Non, en principe. L'assurance chômage est conçue pour couvrir une perte d'emploi involontaire, et la démission est par définition un départ volontaire. Elle n'ouvre donc pas de droits immédiats aux allocations, sauf si elle entre dans l'une des catégories reconnues comme « légitimes » par France Travail, ou si elle relève du dispositif démission-reconversion. En dehors de ces cas, un réexamen reste possible après 121 jours, mais rien n'est automatique.
Combien de temps faut-il attendre pour un réexamen après une démission non légitime ?
121 jours calendaires, soit un peu plus de quatre mois, à compter de la fin du contrat de travail. Pendant cette période, vous devez vous inscrire comme demandeur d'emploi et justifier de recherches actives et sérieuses. Passé ce délai, l'instance paritaire régionale de France Travail examine votre dossier au cas par cas et peut décider de vous ouvrir des droits rétroactivement si vos démarches sont jugées suffisantes.
Le dispositif démission-reconversion est-il accessible à tout le monde ?
Non, il est soumis à des conditions précises : justifier d'au moins cinq ans d'activité salariée continue (chez un ou plusieurs employeurs), avoir consulté un conseiller en évolution professionnelle avant de démissionner, et présenter un projet de reconversion ou de création d'entreprise réel et sérieux. Ce projet doit ensuite être validé par une commission régionale avant la démission — démissionner sans validation préalable fait perdre le bénéfice du dispositif.
Vaut-il mieux négocier une rupture conventionnelle plutôt que démissionner ?
Dans la plupart des cas, oui, si l'employeur est ouvert à la discussion.

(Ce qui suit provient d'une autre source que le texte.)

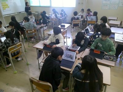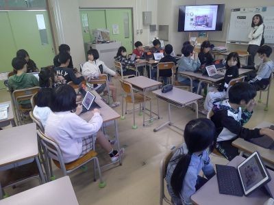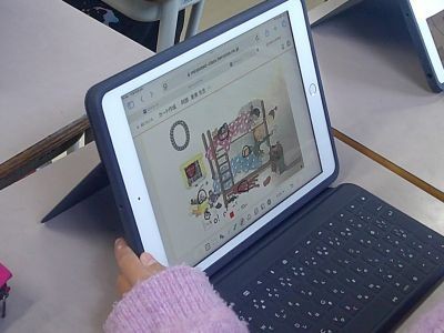4年生の外国語活動。絵をもとにお話をつくるという取組を進めていました。まずは絵を見て、そこに何が描かれているかを英語で確認します。子どもたちからは、book、windowをはじめ、shadow,ostritchなどの発言が続いていました。

La rupture conventionnelle ouvre automatiquement droit aux allocations chômage, comme un licenciement, sans avoir à prouver une situation particulière ni à attendre 121 jours. Avant de démissionner, il est donc presque toujours préférable d'évoquer avec son employeur la possibilité d'une rupture conventionnelle, surtout si le départ est envisagé d'un commun accord ou sans conflit majeur.

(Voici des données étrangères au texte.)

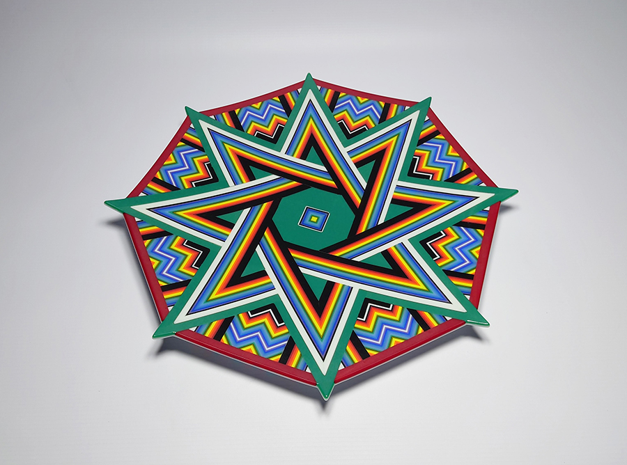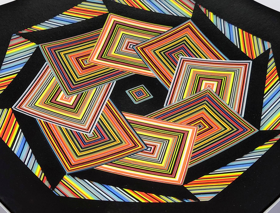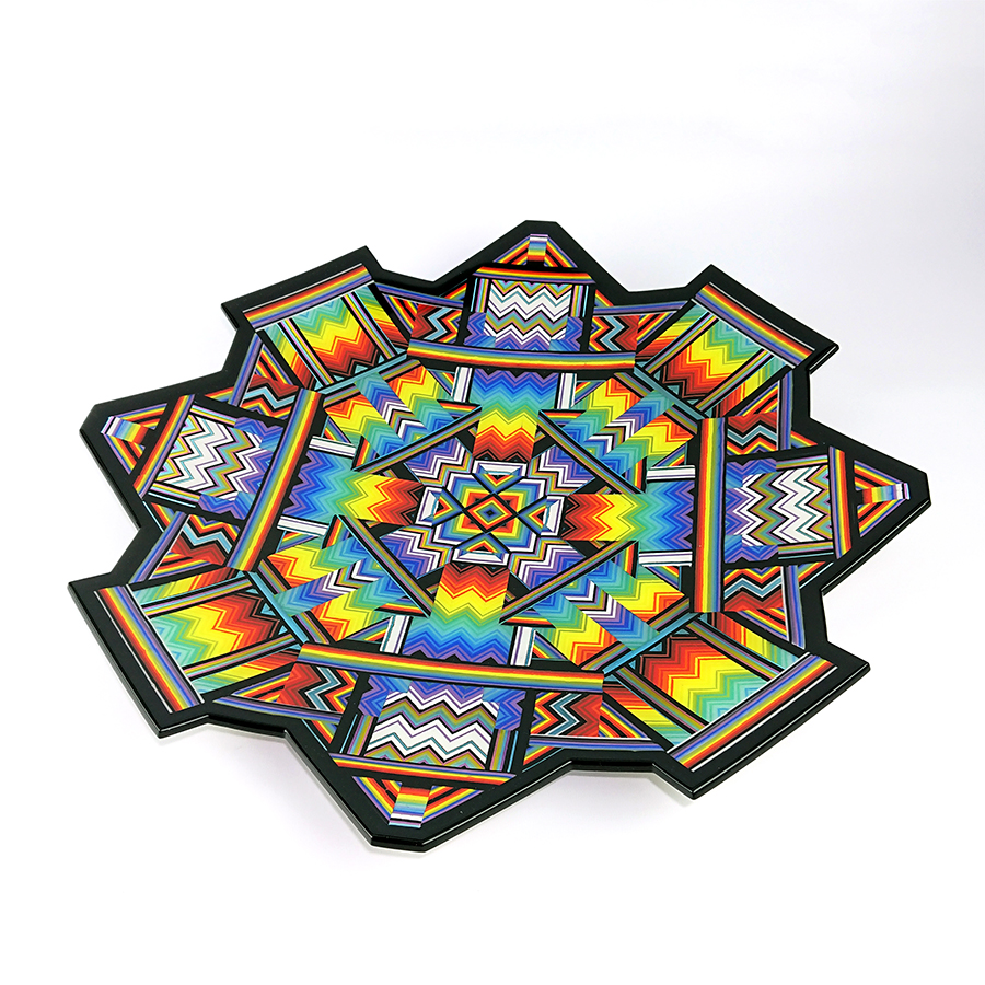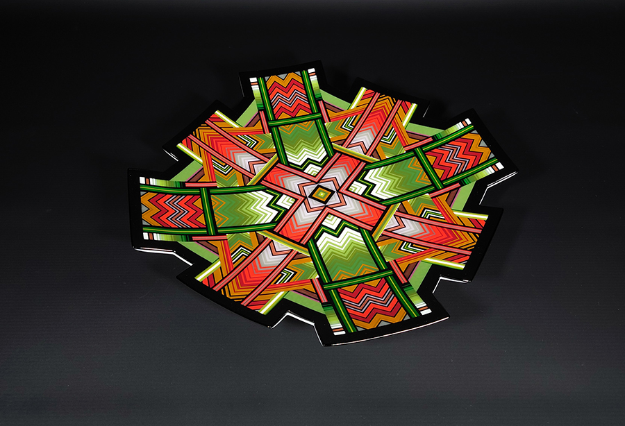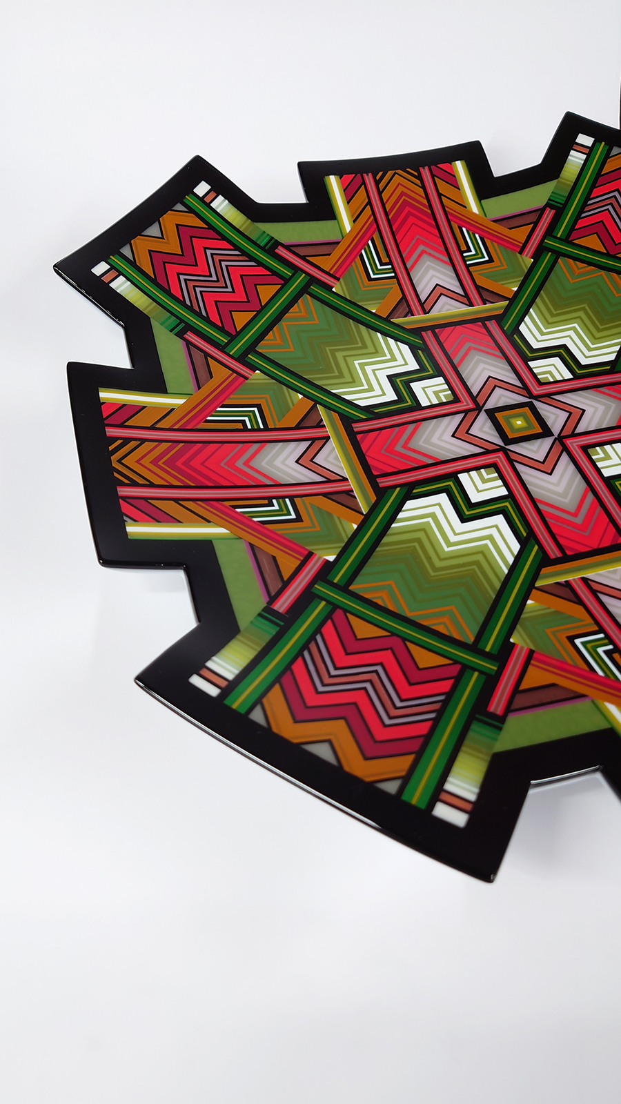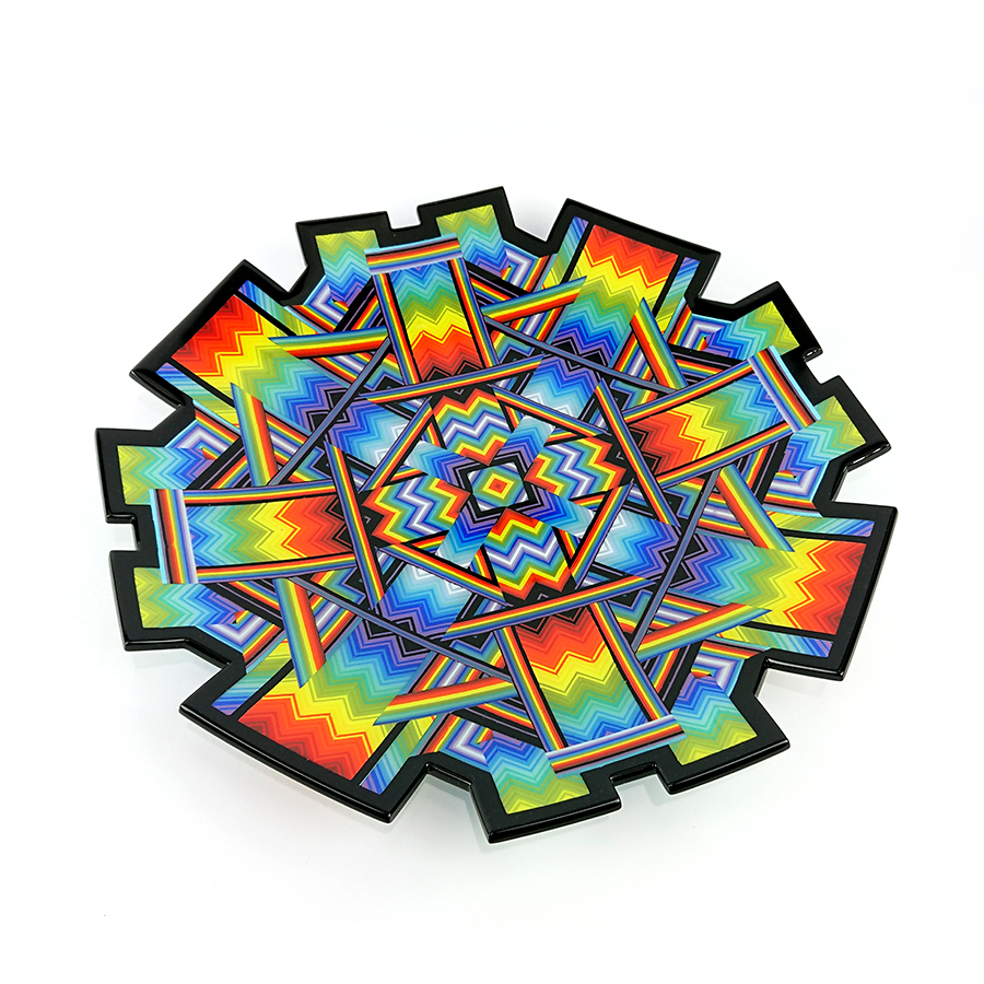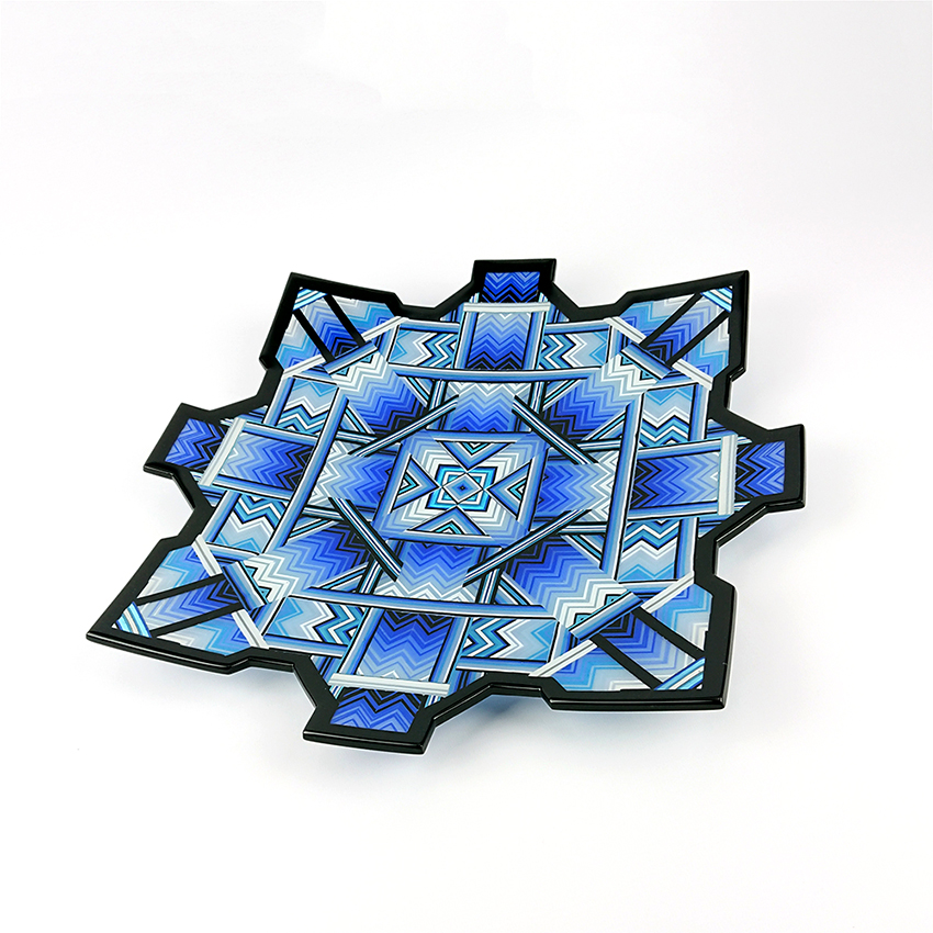 Ian produces a wide variety of kiln-formed glass bowls. The process of forming the glass bowls requires many stages. Initially the patterns within the glass are formed by kiln-forming a sheet of striped, coloured glass which is then deconstructed and cut into smaller elements which are accurately arranged to form the pattern. This sheet of patterned glass is then melted into a solid sheet of glass within the kiln. Once this sheet of glass is carefully cooled(annealed) then it is removed from the kiln whereupon it is cold-worked using diamond abrasives to achieve the desired shape and surface finish. The piece is then returned to the kiln for a controlled, lower temperature firing which returns a shine to the surface of the glass without losing its form. Once this has cooled(annealed) and is removed from the kiln Ian then has to choose the type of shape he wants the patterned piece of glass to become. To achieve the shaping of the sheet of patterned glass it is again placed within the kiln whereupon the heat from the kiln softens the glass enough to allow the weight of the glass and gravity to form the glass into its desired shape. The shape is determined using a ceramic former which can be custom made for each size and shape of bowl to be formed. Once the piece of glass has draped with heat and gravity into its desired shape it is again annealed before cooling and removing from the kiln. Each firing within the kiln takes an average of 16 hours and each glass bowl involves a minimum of four separate firings.

Que se passe-t-il si mon dossier de démission légitime est refusé ?
Vous n'êtes pas indemnisé immédiatement, mais vous restez inscrit comme demandeur d'emploi et pouvez demander un réexamen après 121 jours de recherche active, comme pour toute démission non reconnue légitime. Il est possible de contester la décision initiale ou de fournir des justificatifs complémentaires si votre situation correspondait en réalité à un motif légitime mal documenté au moment de la demande.